May 19, 1996 in Nation/World

World Bank To Help In Phasing Out Lead Bank’s Loans Will Allow Countries To Do Away With Leaded Gasoline

Gene Kramer Associated Press

Thailand has joined the United States in demonstrating that health and other benefits of promoting the use of unleaded gasoline far outweigh the costs, the World Bank says in advising a worldwide phase-out of leaded fuel.

Governments at Habitat II, a U.N.-sponsored summit on urban problems scheduled for June 3-14 at Istanbul, Turkey, will be told that the bank is prepared to help them move unleading to the top of their environmental agendas, officials said in a report issued Saturday.

“The benefits of doing away with leaded gasoline are immediate and measurable, and far outweigh the costs,” according to Brazilian Caio Koch-Weser, managing director of the lending institution, which serves as a major source of credit for poor countries.

Reflecting “remarkable progress” in Thailand’s four-year phase-out concluded earlier this year, the average IQ of children in Bangkok rose four points as a result of declining levels of lead particles in the air, said Andrew Steer, British director of the bank’s environmental department.
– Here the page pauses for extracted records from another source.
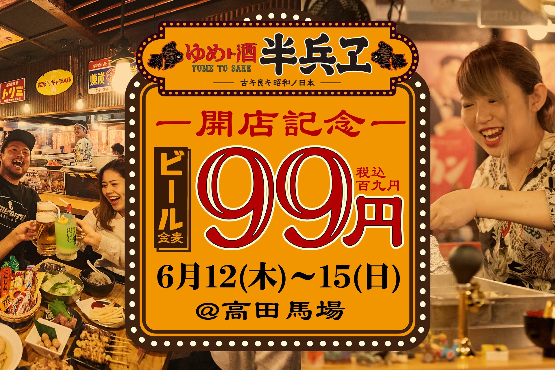 ファイブグループが高田馬場に『ゆめト酒 半兵ヱ 高田馬場店』を新規オープン!OPEN記念として6月12日(木)~15日(日)の4日間は生ビールが何杯飲んでも99円!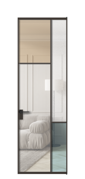 Лаконичный разделительный профиль внутренней раскладки полотна обеспечивает эстетический внешний вид конструкции и идеальную стыковку вставок из стекла.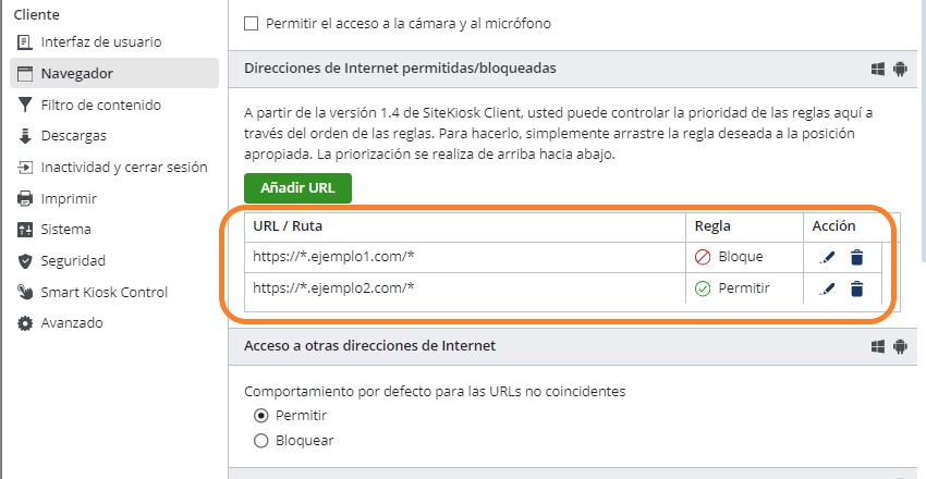 A partir de la versión 1.4 de SiteKiosk Client, estos filtros se pueden priorizar según su orden en la lista. Cuanto más arriba esté la URL en la lista, más importancia tiene.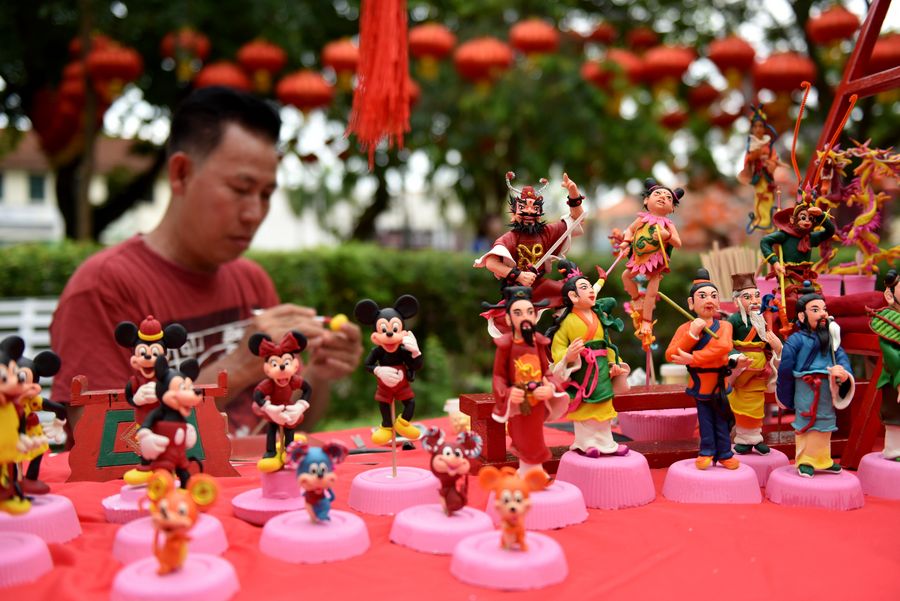 A master makes dough figurines at the Penang Chinese New Year Celebration "Miao Hui" in Penang, Malaysia, Feb. 2, 2020. (Photo by Chong Voon Chung/Xinhua)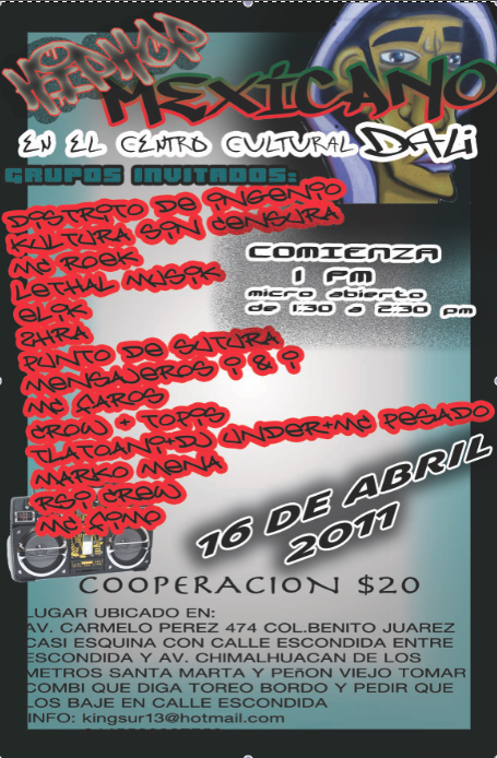 Hip hop mexicano en centro cultural Dali | 16 abril 2011 April 16, 2011 1 min read by MazPlata Archivo de Eventos Previous Hip hop en Oaxaca | 16 abril 2011 Next Expresión Urbana 8 | 16 y 17 abril 2011
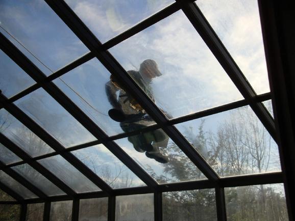 Our Cane Creek Asparagus & Company greenhouse is maintained by individuals I lovingly call Spidermen. When exhaust fans need to be repaired, a window pane replaced, or a seal repaired, it takes special equipment and skill to move around three stories up on the glass rooftop of our greenhouse. Our Super Heroes are Bill Kater and his son, Will Kater, of Pool Enclosures, Inc.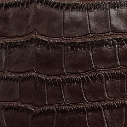 | Dark Brown Big Crocodile skin vinyl is shiny with vibrant color, texture and design. Exotic animal skin fabric for upholstery. Automotive, Residential, Conference Room, Recreational Vehicle, and General Upholstery 1 MM Thick Cleaning: Ordinary dirt and stains can be removed with mild soap and water. Rinse with clean water and dry with lint-free cloth. Moderate scrubbing with medium bristle brush will loosen soiling material. |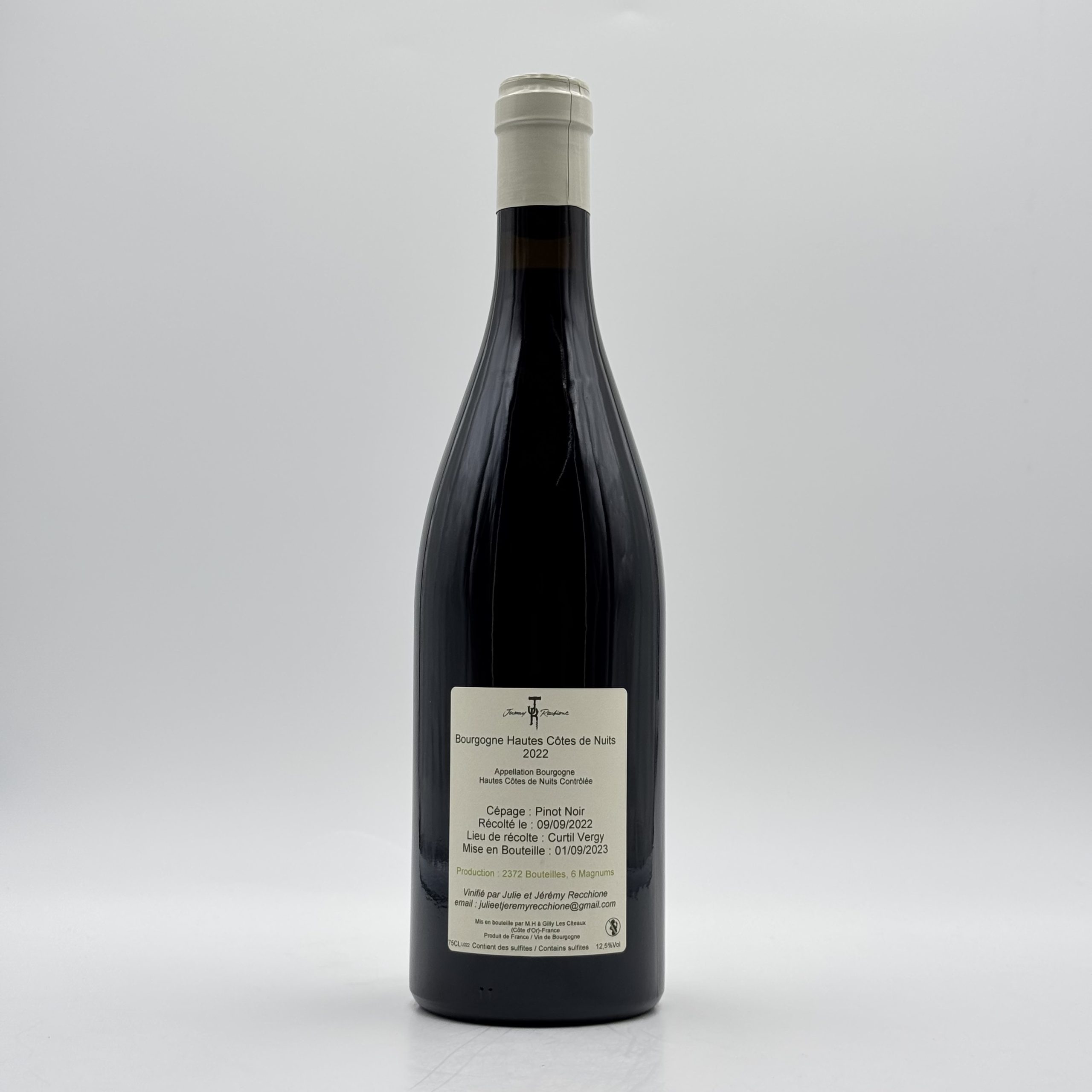 Il Hautes Côtes de Nuits di Jérémy Recchione rappresenta una delle interpretazioni più raffinate e contemporanee del Pinot Noir borgognone. Prodotto in quantità limitate nei preziosi vigneti delle Hautes Côtes, questo vino esprime un perfetto equilibrio tra freschezza, mineralità e finezza aromatica. Nel calice si presenta con un colore rubino brillante e un bouquet elegante di ciliegia croccante, piccoli frutti rossi, violetta e leggere note speziate. Al palato è armonioso e setoso, con tannini delicati e una struttura slanciata che riflette l’identità unica del terroir. Lo stile artigianale e la cura meticolosa di Jérémy Recchione donano al vino profondità, precisione e grande bevibilità. Ideale per gli amanti dei Pinot Noir di alta gamma e per chi cerca un’espressione autentica della Borgogna contemporanea, questo Hautes Côtes de Nuits è perfetto da degustare oggi o da conservare per evoluzioni future.

The World Bank lent Thailand $90 million for its program of refinery conversion and public education to end use of leaded gasoline, which was blamed for 90 percent of airborne lead pollution in congested cities such as Bangkok.

Cities where people are still exposed to high lead levels include Algiers, Algeria; Cairo, Egypt; Cape Town, South Africa; Hong Kong; Jakarta, Indonesia; Jeddah, Saudi Arabia; Karachi, Pakistan; Lagos, Nigeria; Lima, Peru; Mexico City and Nairobi, Kenya.

Since introducing unleaded gasoline in the 1970s, the United States has “saved more than $10 for every $1 it invested in the conversion due to reduced health costs, savings on engine maintenance and improved fuel efficiency,” the bank said.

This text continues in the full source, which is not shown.